Retype exactly the span of lines below from the one with "klasická oválná lékovka" through the one with "She spent most". Do not include pictures.

◆ Entries supplied:
----

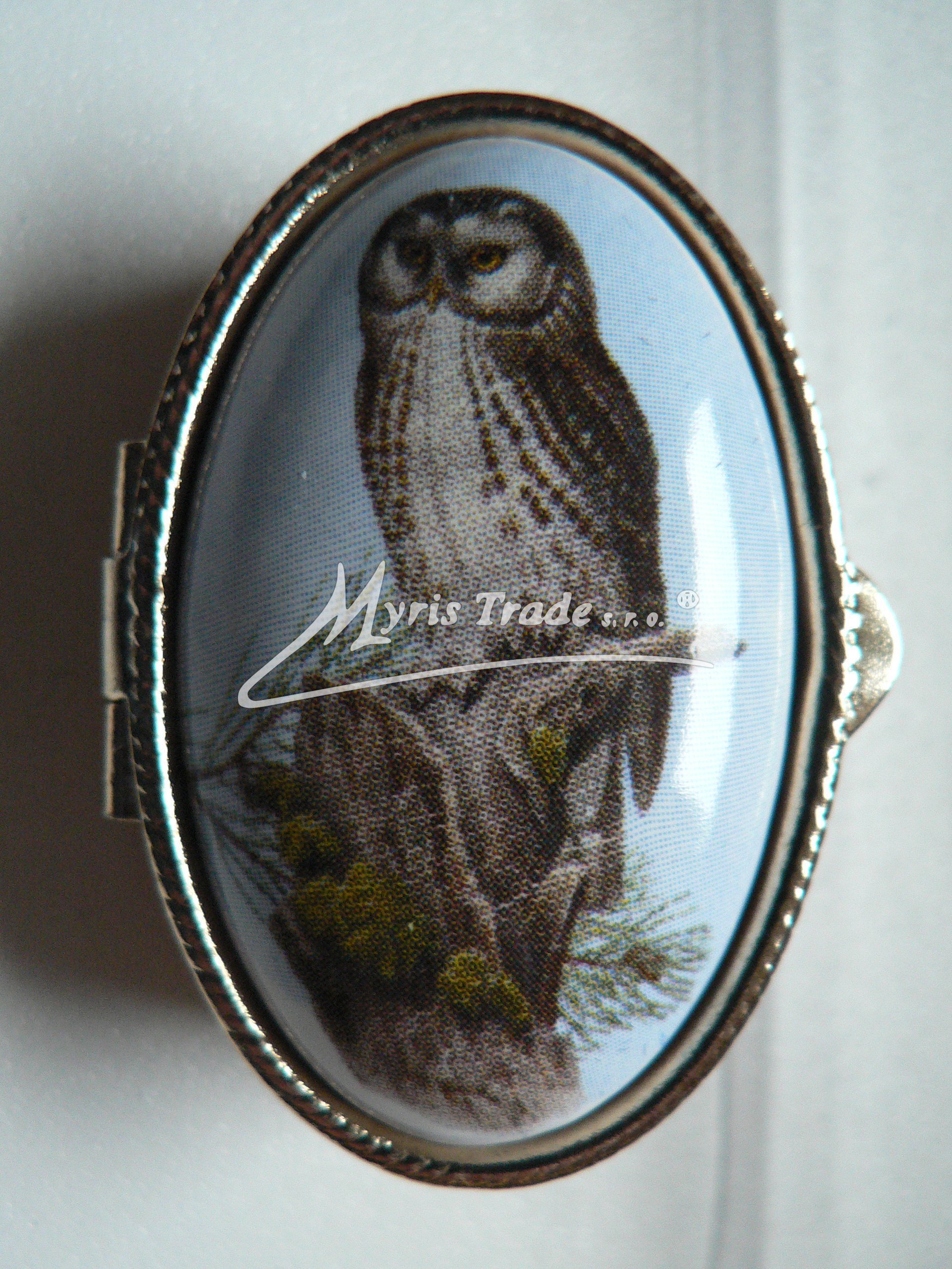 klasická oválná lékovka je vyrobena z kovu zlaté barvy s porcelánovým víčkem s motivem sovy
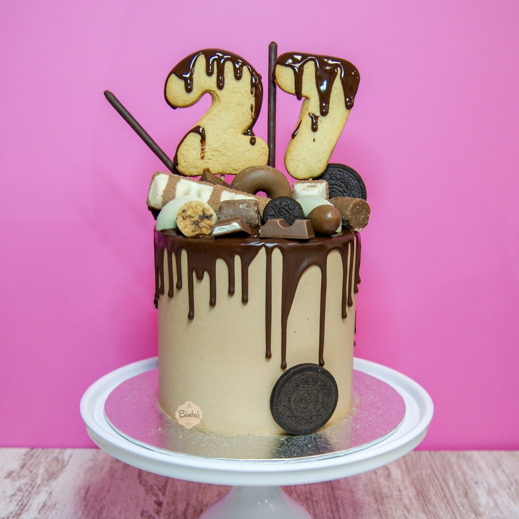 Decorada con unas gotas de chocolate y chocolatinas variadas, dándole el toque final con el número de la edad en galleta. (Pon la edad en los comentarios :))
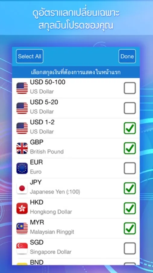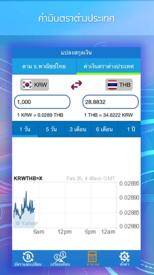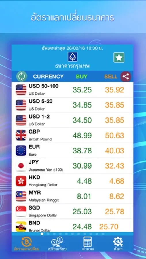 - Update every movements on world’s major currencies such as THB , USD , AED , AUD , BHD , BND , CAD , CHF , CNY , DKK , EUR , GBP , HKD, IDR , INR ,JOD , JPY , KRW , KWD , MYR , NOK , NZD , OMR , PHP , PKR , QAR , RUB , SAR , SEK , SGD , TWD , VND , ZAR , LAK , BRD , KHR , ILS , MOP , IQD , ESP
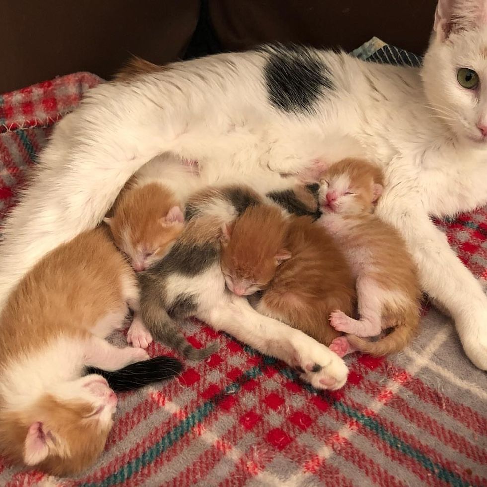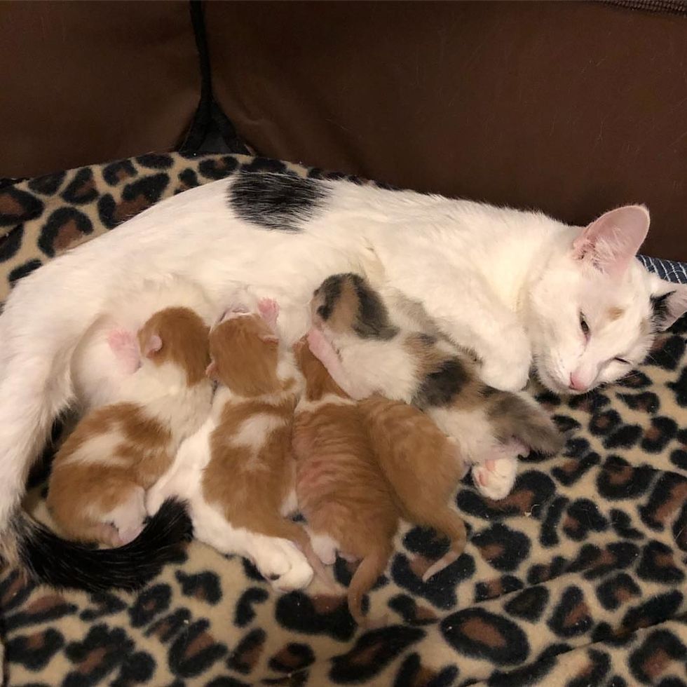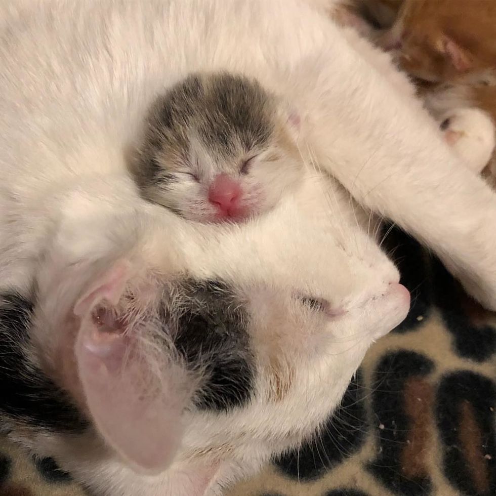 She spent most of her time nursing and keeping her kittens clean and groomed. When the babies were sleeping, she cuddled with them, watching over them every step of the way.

----

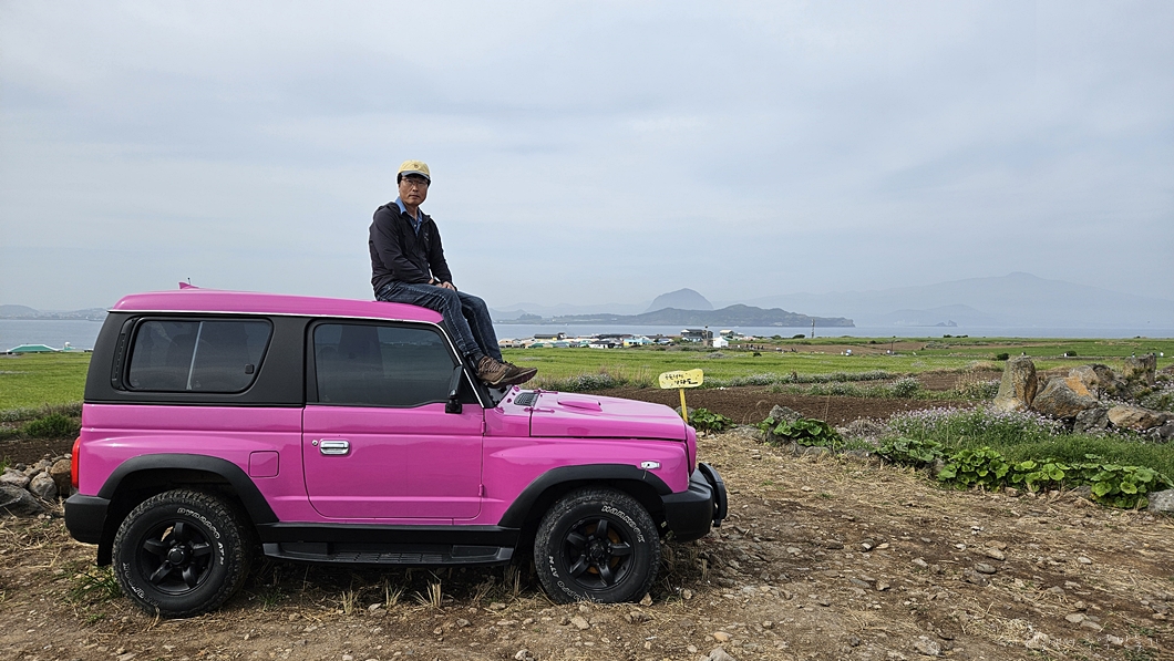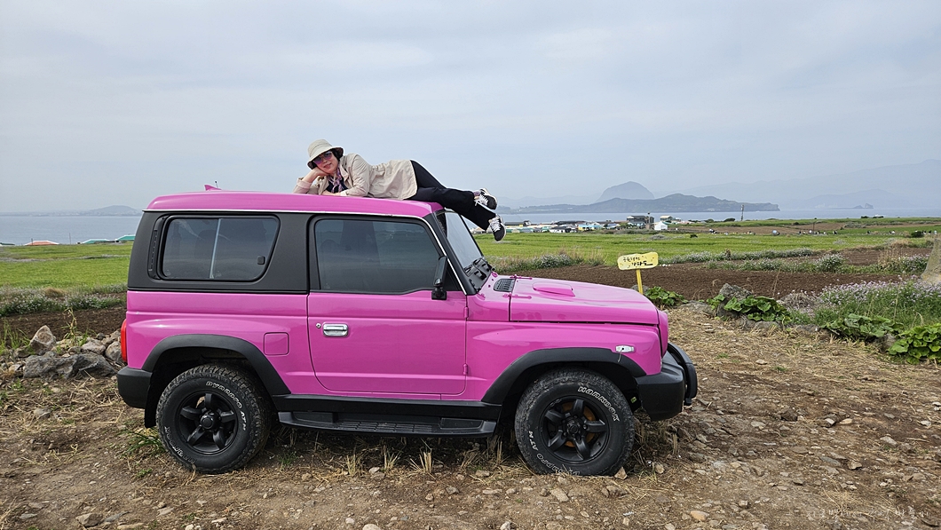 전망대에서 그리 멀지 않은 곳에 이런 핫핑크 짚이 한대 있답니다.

----

◆ Solution for this task:
 klasická oválná lékovka je vyrobena z kovu zlaté barvy s porcelánovým víčkem s motivem sovy
 Decorada con unas gotas de chocolate y chocolatinas variadas, dándole el toque final con el número de la edad en galleta. (Pon la edad en los comentarios :))
 - Update every movements on world’s major currencies such as THB , USD , AED , AUD , BHD , BND , CAD , CHF , CNY , DKK , EUR , GBP , HKD, IDR , INR ,JOD , JPY , KRW , KWD , MYR , NOK , NZD , OMR , PHP , PKR , QAR , RUB , SAR , SEK , SGD , TWD , VND , ZAR , LAK , BRD , KHR , ILS , MOP , IQD , ESP
 She spent most of her time nursing and keeping her kittens clean and groomed. When the babies were sleeping, she cuddled with them, watching over them every step of the way.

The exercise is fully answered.